MEPs Back EU Plan to Make Email, Messaging Providers Search Private Chats and Report to Police

ARIS OIKONOMOU/AFP via Getty Images
ARIS OIKONOMOU/AFP via Getty Images

Members of the European Parliament are welcoming plans from the European Commission to make email, messaging, and chat providers search through users’ private conversations and report “illegal material”, according to Patrick Breyer MEP.

Breyer, a German digital rights activist who represents the German Pirate Party in the EU’s parliament, revealed that fellow MEPs had voted overwhelmingly to “[welcome] the Commission’s intention to oblige e-mail, messaging and chat providers to search all private messages for allegedly illegal material and report to the police” on social media.

#ChatControl, as Breyer and other campaigners call the proposed measures, “will mean privatised mass surveillance and the end of digital secrecy of correspondence,” he warned.

Going over the policy in more detail on his website, Breyer, who qualified as a Doctor of Law at Goethe University Frankfurt, alleges that “The EU wants to have all private chats, messages, and emails automatically searched for suspicious content, generally and indiscriminately” under the guise of tackling child pornography.

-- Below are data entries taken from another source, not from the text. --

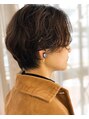 襟足をスッキリおさめたハンサムショートスタイル。女性らしさをパーマや癖をいかして柔らかく抜け感のある感じに仕上げています。
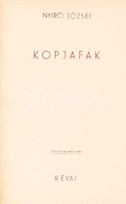 Nyírő József: Kopjafák. Bp., 1944, Révai. Kiadói félvászon kötés, jó á... https://www.darabanth.com/de/202-Fernauktion/202.0/Andere-Sammelgebiete/Bucher-Sonstige-Raritaten~200036/Nyiro-Jozsef-Kopjafak-Bp-1944-Revai-Kiadoi-felvaszon-kotes-jo-allapotban~II803483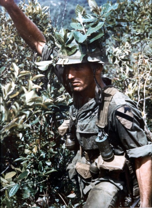 A squadron leader’s camouflaged helmet helps him blend in with his surroundings during a mission in 1966 (U.S. Army/National Archives).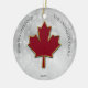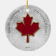Maple leaf in deep red. Stylized with a faux gold metallic border around the edges. Set on a bokeh snow like background. Personalize with your greetings, name and year in black uppercase font. Image and text set on both sides of the ornament.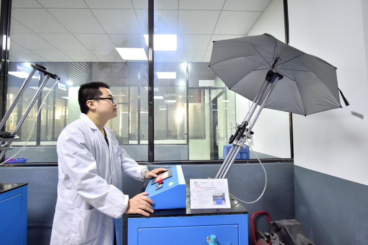 每批次伞具进入市场前,都要经历“魔鬼考验”般的闯关:2分钟的淋雨检测、300次的开合疲劳试验、500次的弹簧测试,还有甲醛、重金属等数个指标的严格检测。
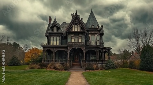 © isrofiyah, Fototapeta premium Old, Dark Victorian House with a Long Walkway and a Cloudy Sky
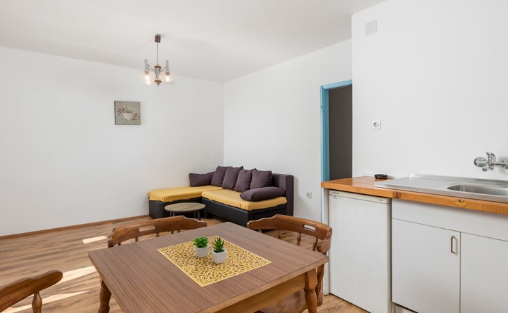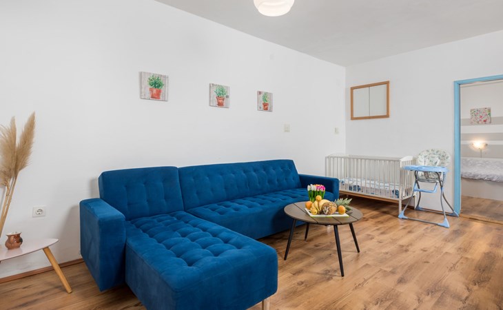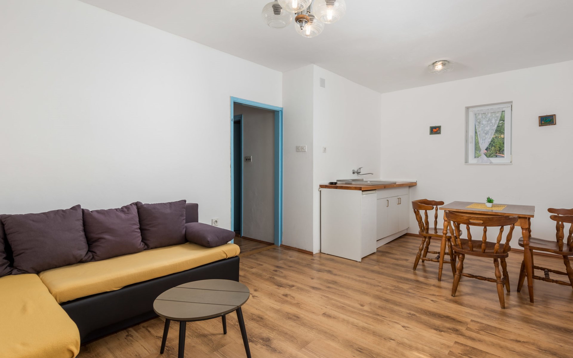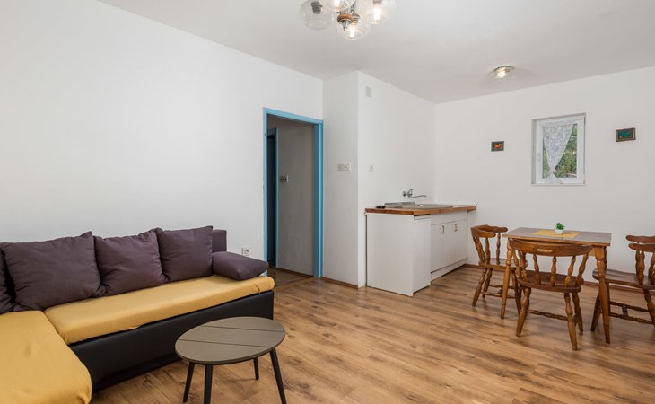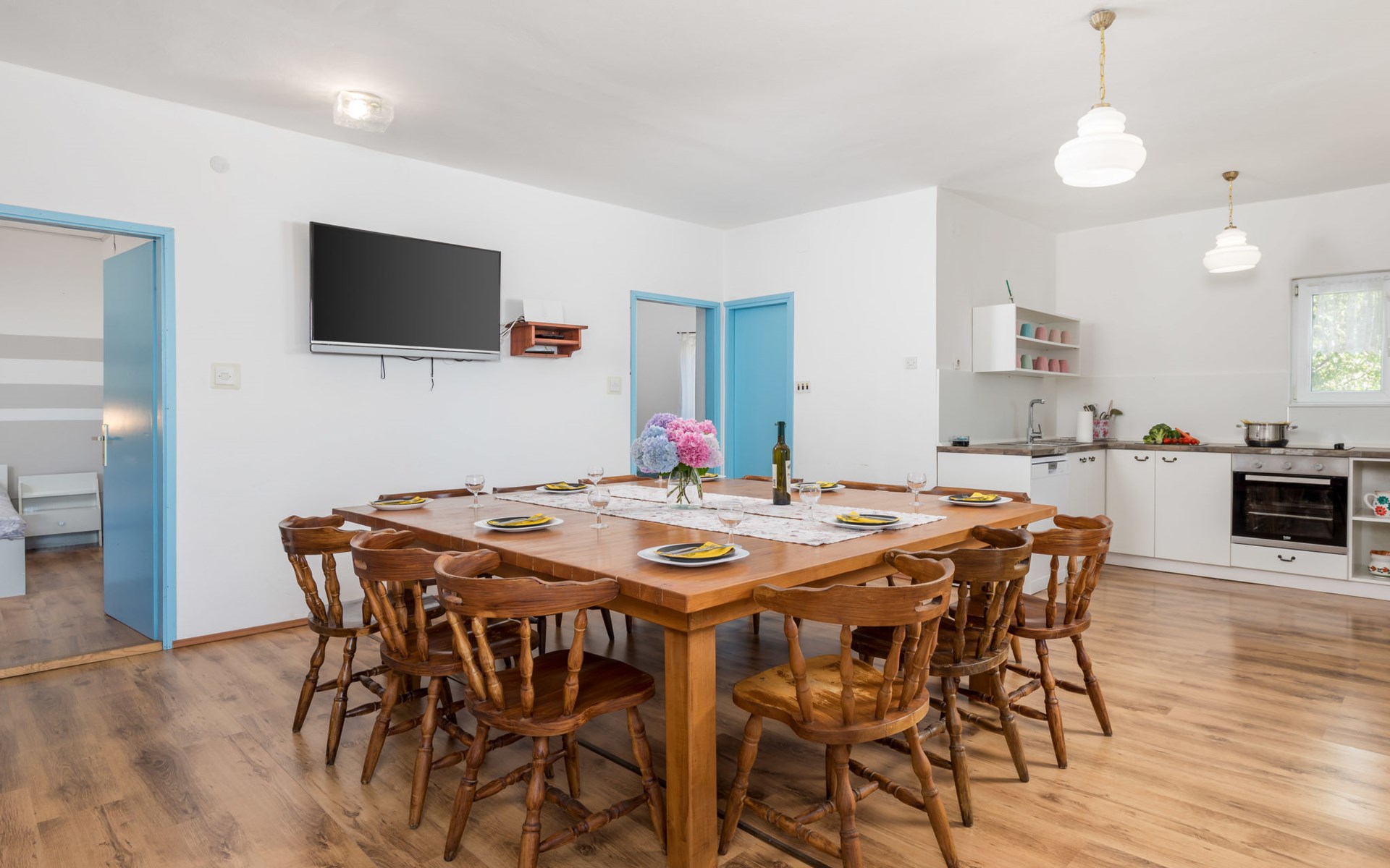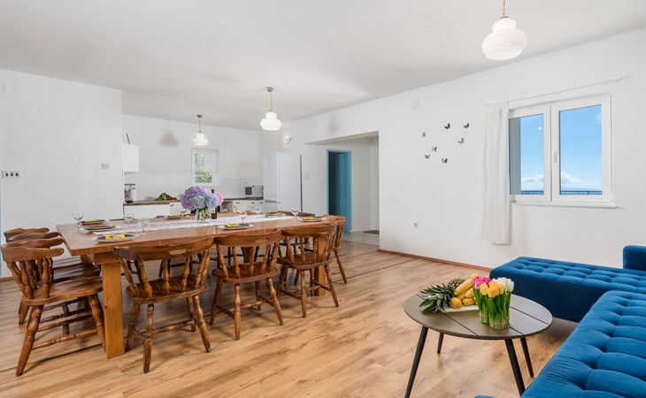 Ažić Lokva 10 km from Sveti Juraj: Comfortable 2-family house "Marita", 2 storeys. Above Lukovo 21 km from the centre of Senj, 22 km from the centre of Jablanac (island Rab), in a sunny, elevated position, 4 km from the sea, 4 km from the beach. Private: property 720 m2 (fenced), swimming pool (8 x 3 m, depth 140 cm, seasonal availability: 15.Jun. - 15.Sep.) with internal staircase. Terrace (15 m2), garden furniture, barbecue. In the house: internet access, table tennis, trampoline, washing machine. Parking (for 4 cars) at the house on the premises. Shop 10 km, supermarket 21 km, restaurant 10 km, café 4 km, bus stop 85 m, pebble beach 4 km. Sports harbour 19 km. Nearby attractions: Tvrđava Nehaj 19 km, National Park Sjeverni Velebit 30 km. Part of the house is closed and unoccupied.

“There is no requirement of a court order or an initial suspicion for searching your messages. It occurs always and automatically,” he warns, adding that “If an algorithms classifies the content of a message as suspicious, your private or intimate photos may be viewed by staff and contractors of international corporations and police authorities” — a message boiled down to “The police are watching you sexting!” in campaign material.

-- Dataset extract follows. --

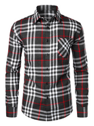 - Chemise manches longues, col revers, fermeture boutonnée, 1 poche poitrine, carreaux et rayures sont raccordés.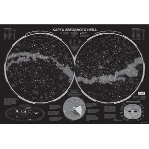 На этой необычной настенной карте размером 870х580 мм представлены северное и южное полушария небесной сферы. Так ночное небо с мерцающими на нём галактиками, туманностями и звёздными скоплениями выглядит с Северного и Южного полюсов Земли.

Breyer claims that “chat control algorithms are known to flag completely legal vacation photos of children on a beach, for example” — potentially resulting in innocent citizens being falsely maligned and investigated.

“Indiscriminate messaging and chat control wrongfully incriminates hundreds of users every day. According the Swiss Federal Police, 90 per cent of machine-reported content is not illegal,” he stressed.